### Work order
Would you please copy the part of the material below that opens with the line containing "6月1日,在位于纽约的联合国" and closes with the line containing "- Liability coverage: Required"? Copy it exactly, and only it.
+++ Provided records
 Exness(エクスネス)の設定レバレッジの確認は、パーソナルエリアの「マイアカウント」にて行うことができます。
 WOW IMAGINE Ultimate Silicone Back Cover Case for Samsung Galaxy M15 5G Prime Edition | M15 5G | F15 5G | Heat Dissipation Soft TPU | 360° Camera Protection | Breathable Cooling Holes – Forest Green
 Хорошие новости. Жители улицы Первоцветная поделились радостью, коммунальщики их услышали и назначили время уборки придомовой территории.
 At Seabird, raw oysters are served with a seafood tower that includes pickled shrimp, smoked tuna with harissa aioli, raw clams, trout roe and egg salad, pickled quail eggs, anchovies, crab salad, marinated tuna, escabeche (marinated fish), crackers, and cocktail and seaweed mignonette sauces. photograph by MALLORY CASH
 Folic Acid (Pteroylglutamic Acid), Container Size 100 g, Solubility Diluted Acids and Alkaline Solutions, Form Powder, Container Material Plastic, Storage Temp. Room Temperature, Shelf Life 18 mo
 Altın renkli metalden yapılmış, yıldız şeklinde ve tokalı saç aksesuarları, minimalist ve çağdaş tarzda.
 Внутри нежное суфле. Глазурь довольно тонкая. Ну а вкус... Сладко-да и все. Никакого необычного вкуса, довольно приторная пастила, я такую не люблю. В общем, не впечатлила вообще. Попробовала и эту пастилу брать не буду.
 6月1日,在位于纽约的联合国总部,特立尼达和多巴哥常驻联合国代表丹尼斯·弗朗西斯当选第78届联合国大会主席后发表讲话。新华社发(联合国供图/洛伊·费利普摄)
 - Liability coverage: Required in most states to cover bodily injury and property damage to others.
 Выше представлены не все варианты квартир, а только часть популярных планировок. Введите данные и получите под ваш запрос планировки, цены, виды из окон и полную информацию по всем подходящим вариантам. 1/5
++++++
+++ Provided records
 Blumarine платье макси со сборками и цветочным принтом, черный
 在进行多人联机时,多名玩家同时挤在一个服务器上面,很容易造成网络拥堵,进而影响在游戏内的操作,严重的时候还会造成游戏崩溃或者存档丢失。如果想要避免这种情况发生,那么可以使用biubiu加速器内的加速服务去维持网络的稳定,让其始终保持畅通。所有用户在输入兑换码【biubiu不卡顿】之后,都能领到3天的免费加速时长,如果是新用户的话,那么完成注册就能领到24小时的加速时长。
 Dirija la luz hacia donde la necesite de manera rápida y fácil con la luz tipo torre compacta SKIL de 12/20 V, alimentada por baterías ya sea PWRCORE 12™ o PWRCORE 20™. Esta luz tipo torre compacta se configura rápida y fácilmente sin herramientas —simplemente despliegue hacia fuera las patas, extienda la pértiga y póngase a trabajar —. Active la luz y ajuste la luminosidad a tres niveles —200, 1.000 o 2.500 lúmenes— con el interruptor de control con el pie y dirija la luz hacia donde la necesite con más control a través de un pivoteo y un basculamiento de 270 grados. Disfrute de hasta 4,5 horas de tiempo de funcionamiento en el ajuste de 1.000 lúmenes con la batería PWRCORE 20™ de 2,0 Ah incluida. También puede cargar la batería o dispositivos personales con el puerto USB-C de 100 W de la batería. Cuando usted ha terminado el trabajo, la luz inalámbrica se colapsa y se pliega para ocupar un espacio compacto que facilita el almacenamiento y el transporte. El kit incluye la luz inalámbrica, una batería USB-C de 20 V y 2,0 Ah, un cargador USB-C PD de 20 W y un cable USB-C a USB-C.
++++++
+++ Provided records
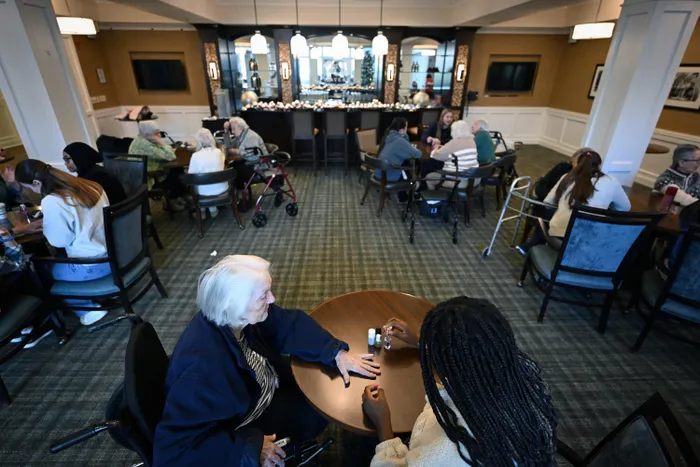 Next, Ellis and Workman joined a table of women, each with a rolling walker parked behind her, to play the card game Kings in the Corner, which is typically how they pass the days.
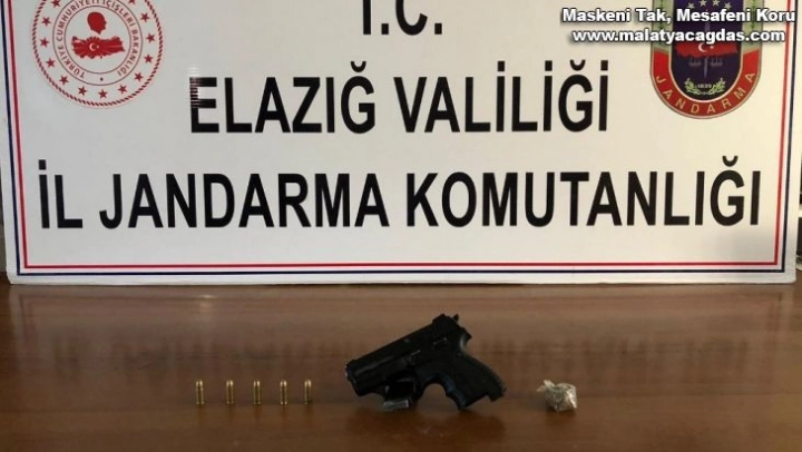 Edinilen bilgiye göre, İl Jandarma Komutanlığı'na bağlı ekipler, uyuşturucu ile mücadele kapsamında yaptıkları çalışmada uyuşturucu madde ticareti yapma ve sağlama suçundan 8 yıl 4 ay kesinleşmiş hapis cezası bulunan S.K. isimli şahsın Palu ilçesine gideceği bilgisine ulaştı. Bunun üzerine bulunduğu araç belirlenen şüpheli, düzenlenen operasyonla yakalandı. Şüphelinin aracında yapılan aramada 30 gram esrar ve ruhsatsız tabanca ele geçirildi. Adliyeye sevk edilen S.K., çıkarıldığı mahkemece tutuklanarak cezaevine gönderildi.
++++++
### Final answer
 6月1日,在位于纽约的联合国总部,特立尼达和多巴哥常驻联合国代表丹尼斯·弗朗西斯当选第78届联合国大会主席后发表讲话。新华社发(联合国供图/洛伊·费利普摄)
 - Liability coverage: Required in most states to cover bodily injury and property damage to others.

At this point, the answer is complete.